The modelling technique proposed can leverage one of the advantage going to higher normalization in data warehousing (DWH) schema, i.e. provide more flexibility against data model changes in source. In the era where adapting to changes is our prime requirement in any IT system (if not the only one!), anyone involved in DWH and BI, will clearly see the advantage of this modelling technique when applied to the DWH data integration layer. Not only can you integrate more data from more OLTP's source systems easily, you also can better adapt to data model changes frequently occurring in these OLTPs.



DV modelling is going toward this trend, but we can also see more extreme case where some people suggest the ultimate flexibility with a 6th Normal Form data model (6NF), see Anchor Modelling as a good example of this.   Obviously, the price to pay for this flexibility is the explosion of number of tables.... which may be a serious challenge for your EDW, depending on your database engine limitations, data volume, complexity of joins needed to support on-going BI activities, etc.


DV Concepts:


In a very distilled definition, the DV is a simple relational data structure highly normalized and meant to store and preserve "100% of data content 100% of the time" from one or more OLTP data source.  The structural modelling has a simple semantic composed of 3 Component (or entity) types: 1- Hub; 2- Link; 3- Satellite.
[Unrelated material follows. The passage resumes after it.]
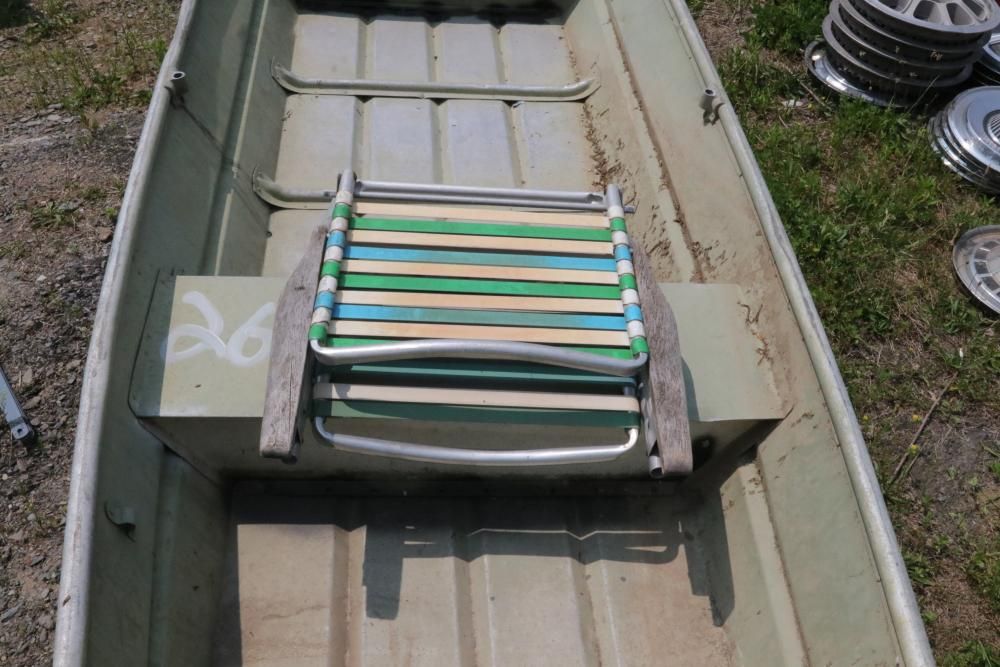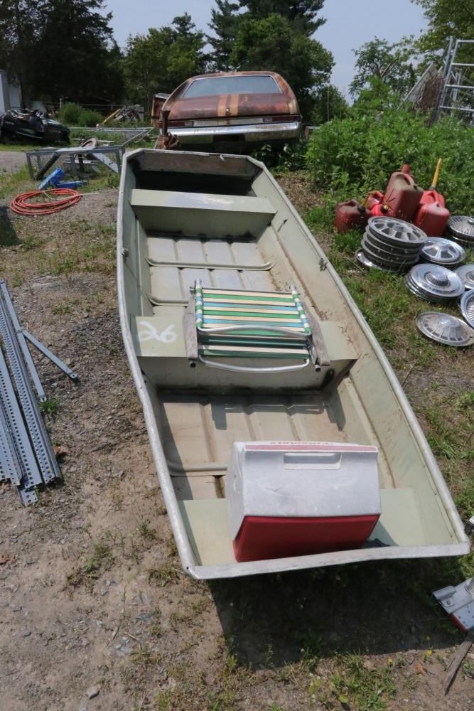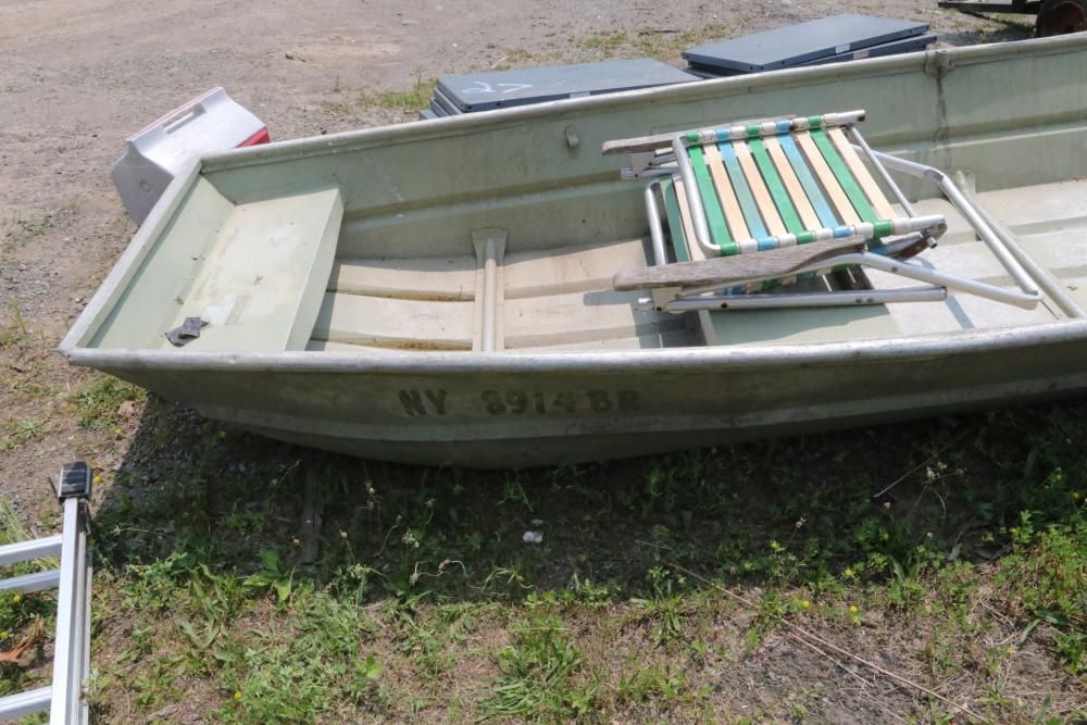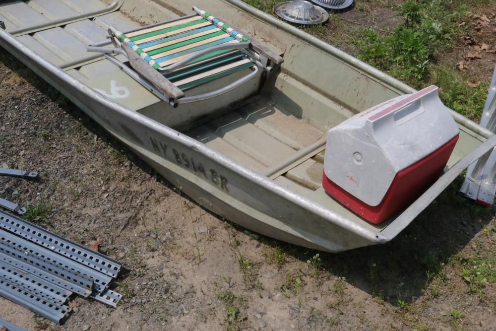 NY8914 row boat with playmate igloo case and beach chair included, appears to seat 2-3 occupants.

Key features highlighted by the DV community include:



  1. Detail-oriented, historical tracking and uniquely linked set of normalized tables” : hybrid approach in-between pure 3NF and dimensional model to store and preserve all detail and atomic data changes done in operation database   
  2. Flexibility, Scalability and Evolutive to data model changes  made possible by separating data structure from data content (more on that below)
  3. Well suited to near real-time and Massively Parallel Processing (MPP) due to, among any reasons, DML involved are pure Insert (some Update can occur depending on your Satellite implementation choice), and Hubs/Links simplified structure (very narrow row)
  4. Easy to comprehend and to model:  only limited number of entity type and clear semantic associated to each entity type
  5. Precise and definite normalization applicable for modelling any type of data source while making use of relational concepts

Main proponents argue it is suited to be your integrated layer of the EDW (Enterprise Data warehouse) and thus the main data source for all Star Schema/Datamart and other Delivery Layer components sitting closer to Business.   I will not challenge this here as I would need a lot more hands-on experience using DV modelling.  So I’ll simply describe the data modelling aspect, which to me, makes perfect sense for your data historical, auditing and trace-ability needs (if not for other needs)!   
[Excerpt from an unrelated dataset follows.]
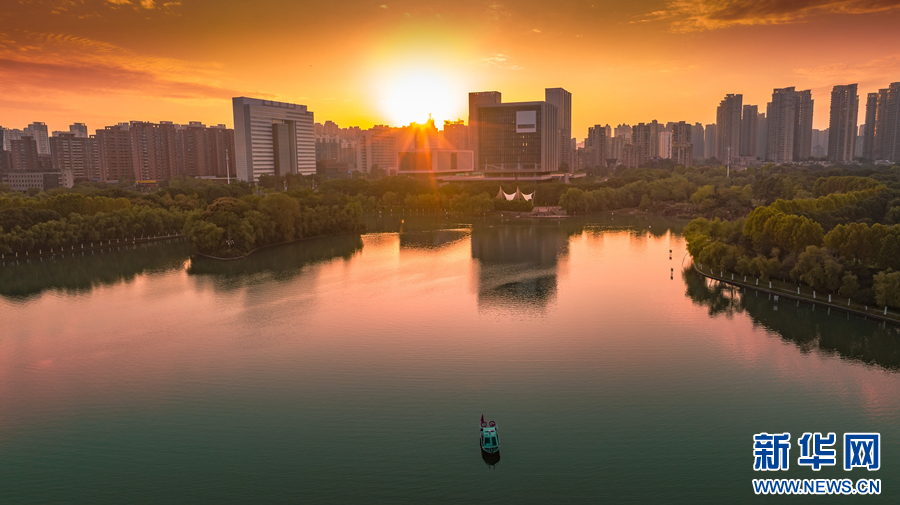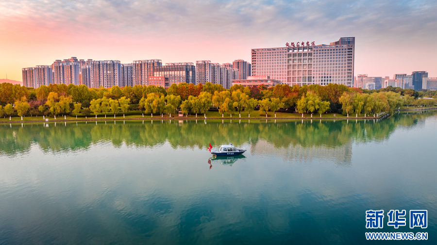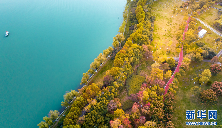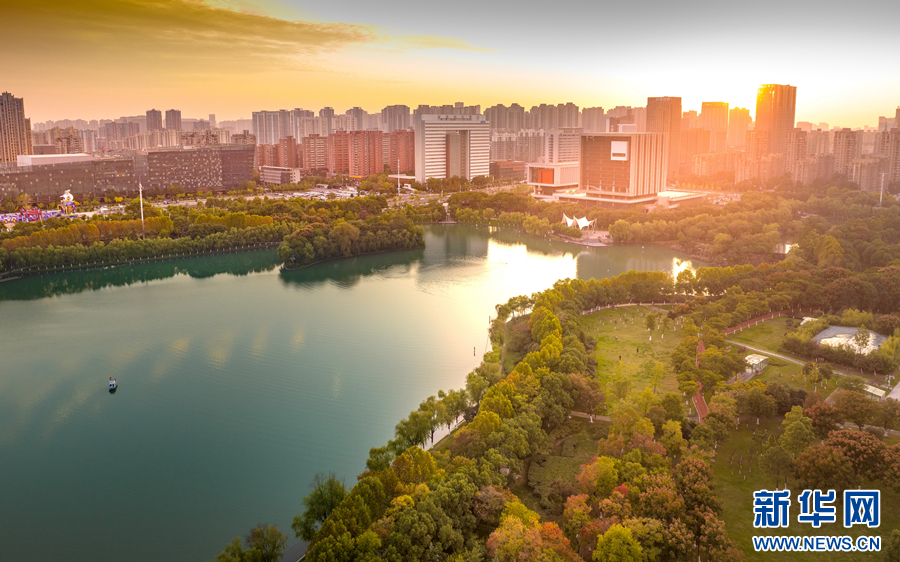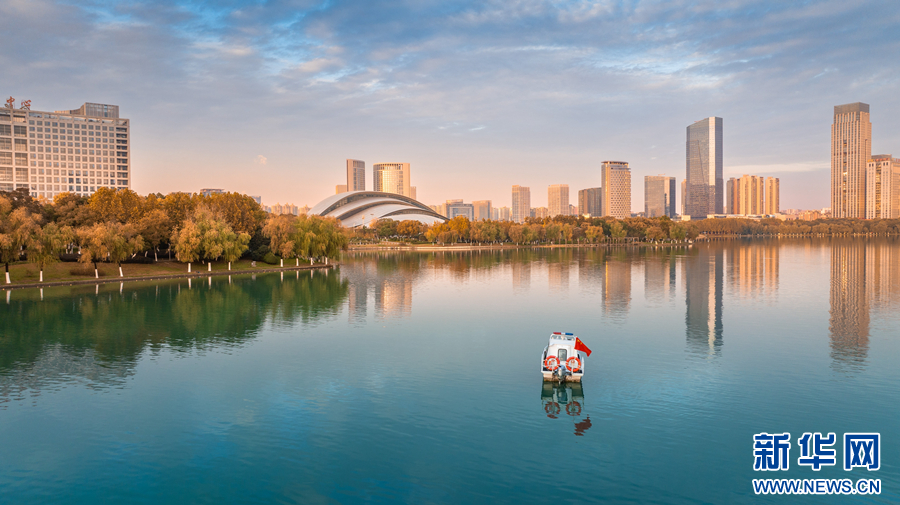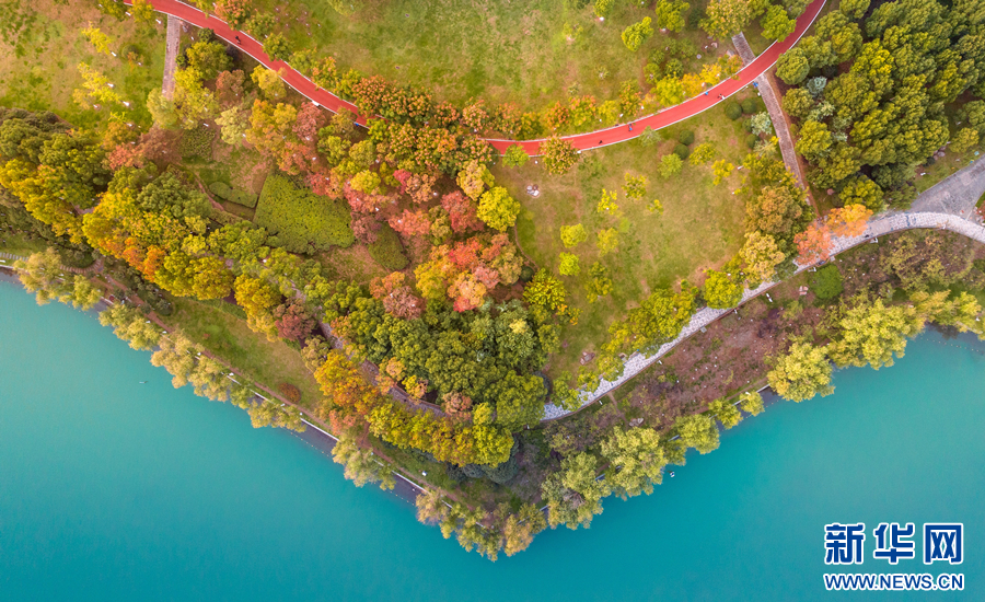 近日,在安徽省合肥市政務(wù)區(qū)天鵝湖畔,層林盡染,景色旖旎。周圍的樹(shù)木、建筑物,與清澈的湖水交相輝映,渲染成一幅色彩斑斕的迷人畫卷。新華網(wǎng)發(fā)(劉玉才 攝)

The meta-model model shown next, depicts each Entity type along with their relationship and characteristics:





1- Hub:  one Hub is represented by a single table storing identifiable Entity as found in various functional areas of enterprise data.  In other words, t
hese Hubs represent conceptual understanding of your business entities throughout your business line. Examples of these business entities are

      • Customer, Subscriber, Product, Account, Party, Order, Call, Invoice, Part, Employee, Purchase order, Service, Inventory, Material, ... (this list getting huge with Corporation acquisition and portfolio growth...)

And example of business lines are 

      • Sales, Marketing, HR, Finance, Planning, Strategy, Production, Manufacturing, Contracting, etc.


As such these concepts are commonly found and stored in one form or another within all the OLTP systems (i.e. disparate, non-integrated, non-conformed, duplicated..) and we intend to centrally them in our DV repository by first integrate their Keys into Hub.

It must have one or more natural/business keys that allow for unique identification, so Hubs represent the Primary-Keys of our business data, in effect separating structure (Hubs) from the content (Satellite) resulting in better flexibility!  Nothing else is stored there, no parent-child relation, no textual info, they must have no other dependencies than themselves. These can then be loaded (near real-time) as "observed" in all OLTP systems without worrying about lookups and relationship constraint.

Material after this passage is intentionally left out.